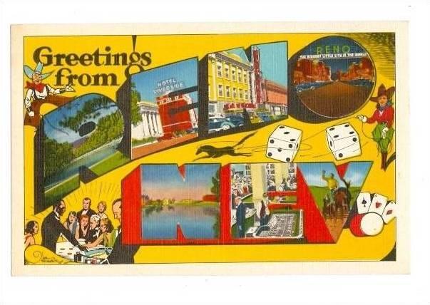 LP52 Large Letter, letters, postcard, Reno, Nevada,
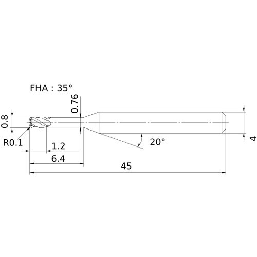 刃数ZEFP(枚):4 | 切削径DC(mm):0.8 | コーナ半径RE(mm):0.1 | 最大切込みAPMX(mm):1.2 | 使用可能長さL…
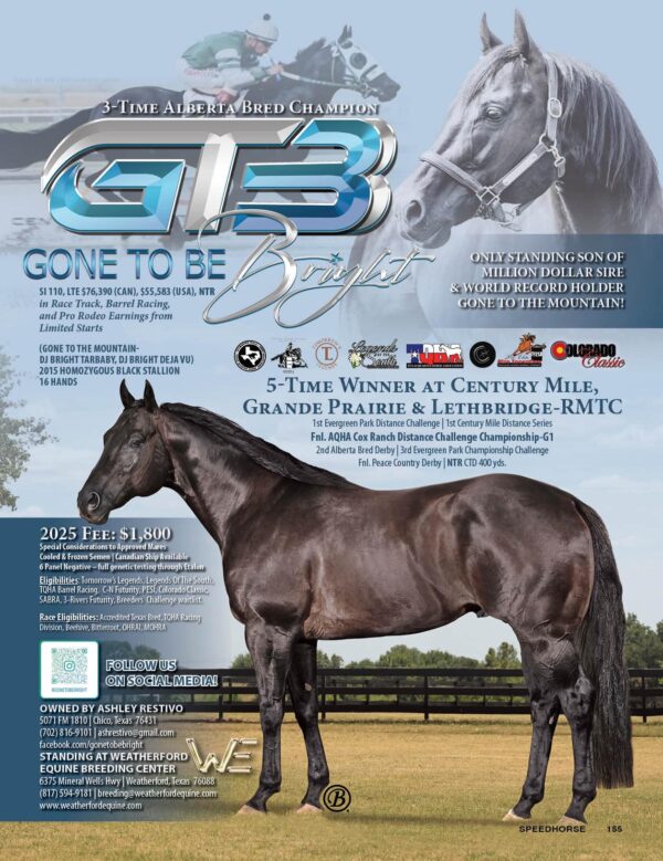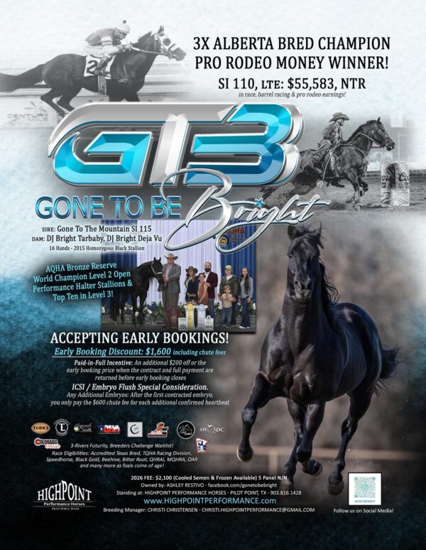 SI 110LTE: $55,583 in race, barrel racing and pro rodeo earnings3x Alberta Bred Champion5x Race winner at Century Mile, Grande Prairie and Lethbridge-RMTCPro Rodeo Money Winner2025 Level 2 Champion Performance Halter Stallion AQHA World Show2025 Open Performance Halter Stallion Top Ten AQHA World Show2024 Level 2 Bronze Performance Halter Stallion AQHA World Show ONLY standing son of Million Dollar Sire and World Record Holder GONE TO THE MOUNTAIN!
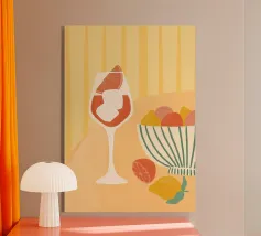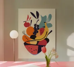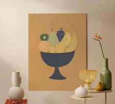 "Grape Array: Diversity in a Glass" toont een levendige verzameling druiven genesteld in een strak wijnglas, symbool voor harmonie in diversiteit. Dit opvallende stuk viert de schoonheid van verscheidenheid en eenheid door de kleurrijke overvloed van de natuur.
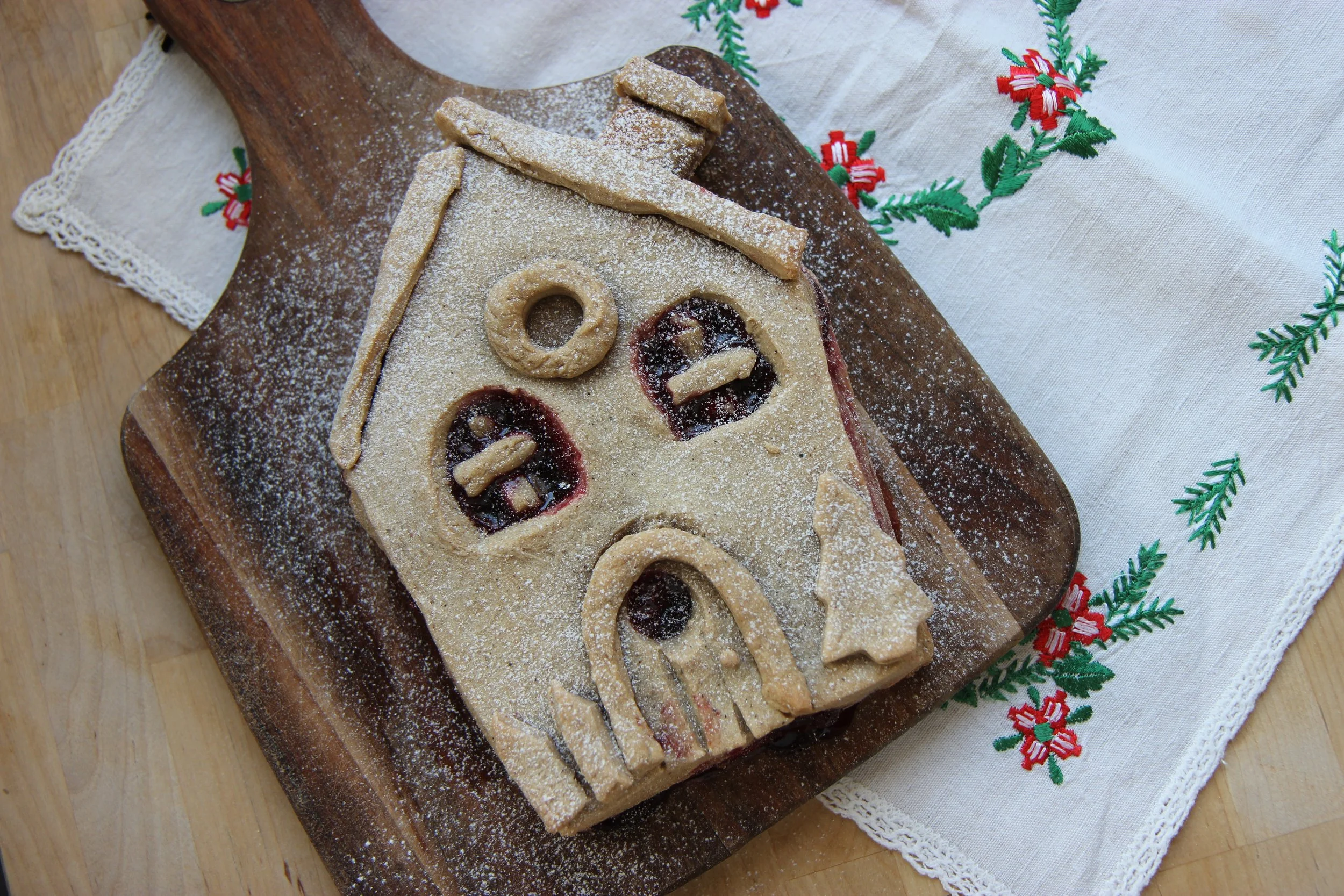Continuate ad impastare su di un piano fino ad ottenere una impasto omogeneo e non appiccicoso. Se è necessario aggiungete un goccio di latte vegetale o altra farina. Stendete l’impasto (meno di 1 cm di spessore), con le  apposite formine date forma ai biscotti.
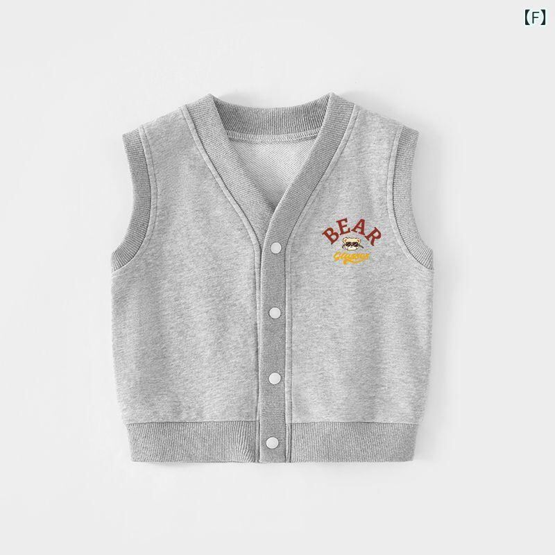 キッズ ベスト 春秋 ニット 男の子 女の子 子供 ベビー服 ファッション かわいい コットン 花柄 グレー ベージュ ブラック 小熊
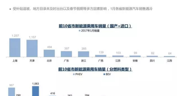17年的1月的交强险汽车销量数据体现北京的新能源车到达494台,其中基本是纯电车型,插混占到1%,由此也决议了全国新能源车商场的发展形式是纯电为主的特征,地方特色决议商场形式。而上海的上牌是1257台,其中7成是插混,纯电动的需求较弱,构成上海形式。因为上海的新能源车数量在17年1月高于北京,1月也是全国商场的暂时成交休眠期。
---
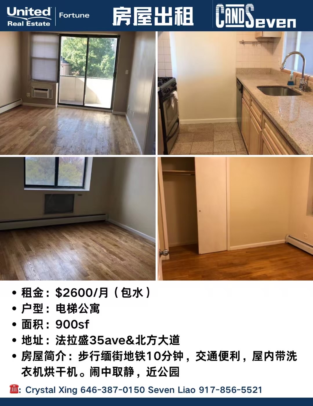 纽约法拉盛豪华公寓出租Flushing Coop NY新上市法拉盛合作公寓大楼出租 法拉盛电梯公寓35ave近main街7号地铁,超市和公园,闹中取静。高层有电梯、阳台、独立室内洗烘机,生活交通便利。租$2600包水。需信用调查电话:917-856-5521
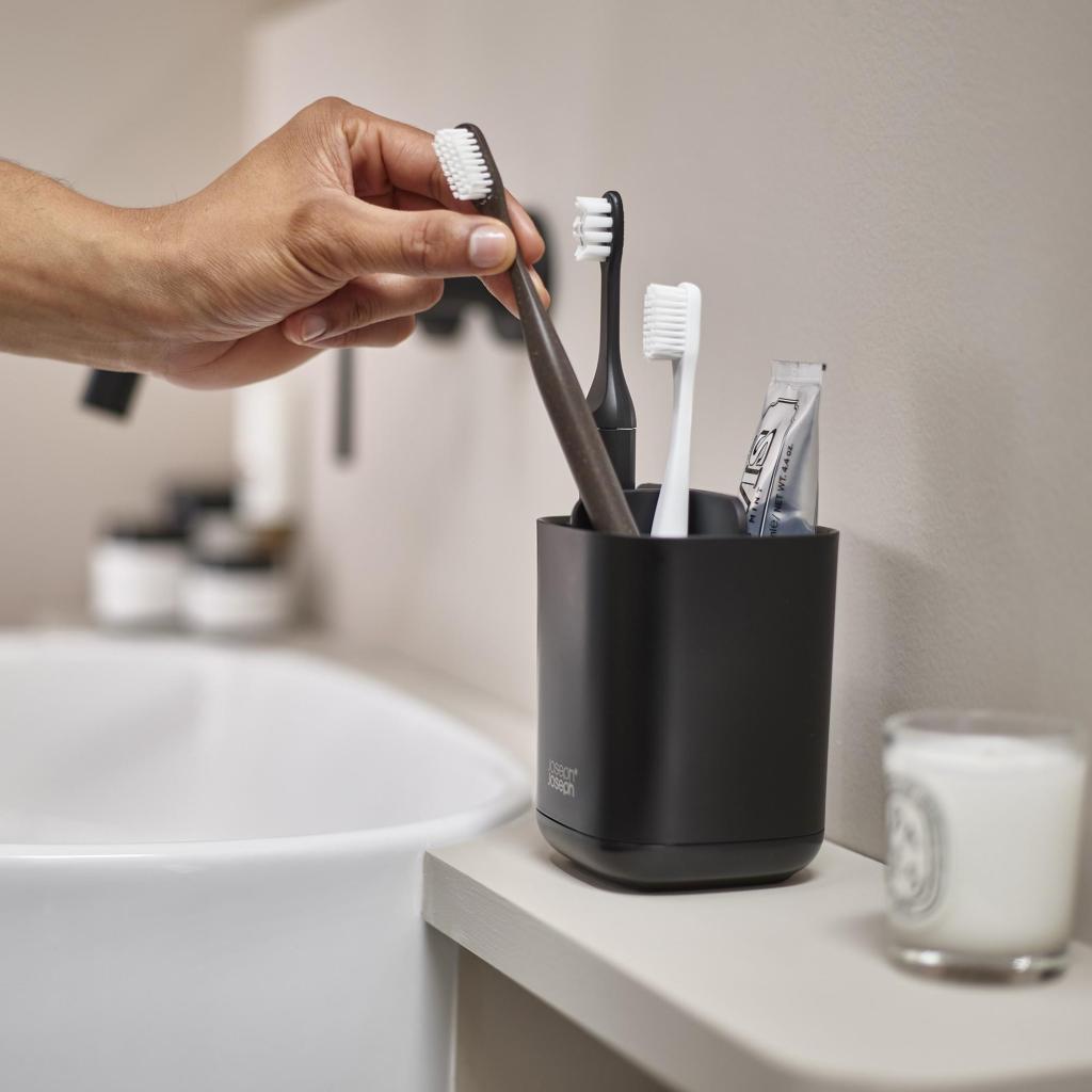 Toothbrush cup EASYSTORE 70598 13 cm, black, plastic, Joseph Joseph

PROBLEM TO WORK ON
What you write must match the listing exactly, from the line with "キッズ ベスト 春秋 ニット" up to and including the line with "17年的1月的交强险汽车销量". Pictures stay out.

EXERCISE ANSWER
 キッズ ベスト 春秋 ニット 男の子 女の子 子供 ベビー服 ファッション かわいい コットン 花柄 グレー ベージュ ブラック 小熊
17年的1月的交强险汽车销量数据体现北京的新能源车到达494台,其中基本是纯电车型,插混占到1%,由此也决议了全国新能源车商场的发展形式是纯电为主的特征,地方特色决议商场形式。而上海的上牌是1257台,其中7成是插混,纯电动的需求较弱,构成上海形式。因为上海的新能源车数量在17年1月高于北京,1月也是全国商场的暂时成交休眠期。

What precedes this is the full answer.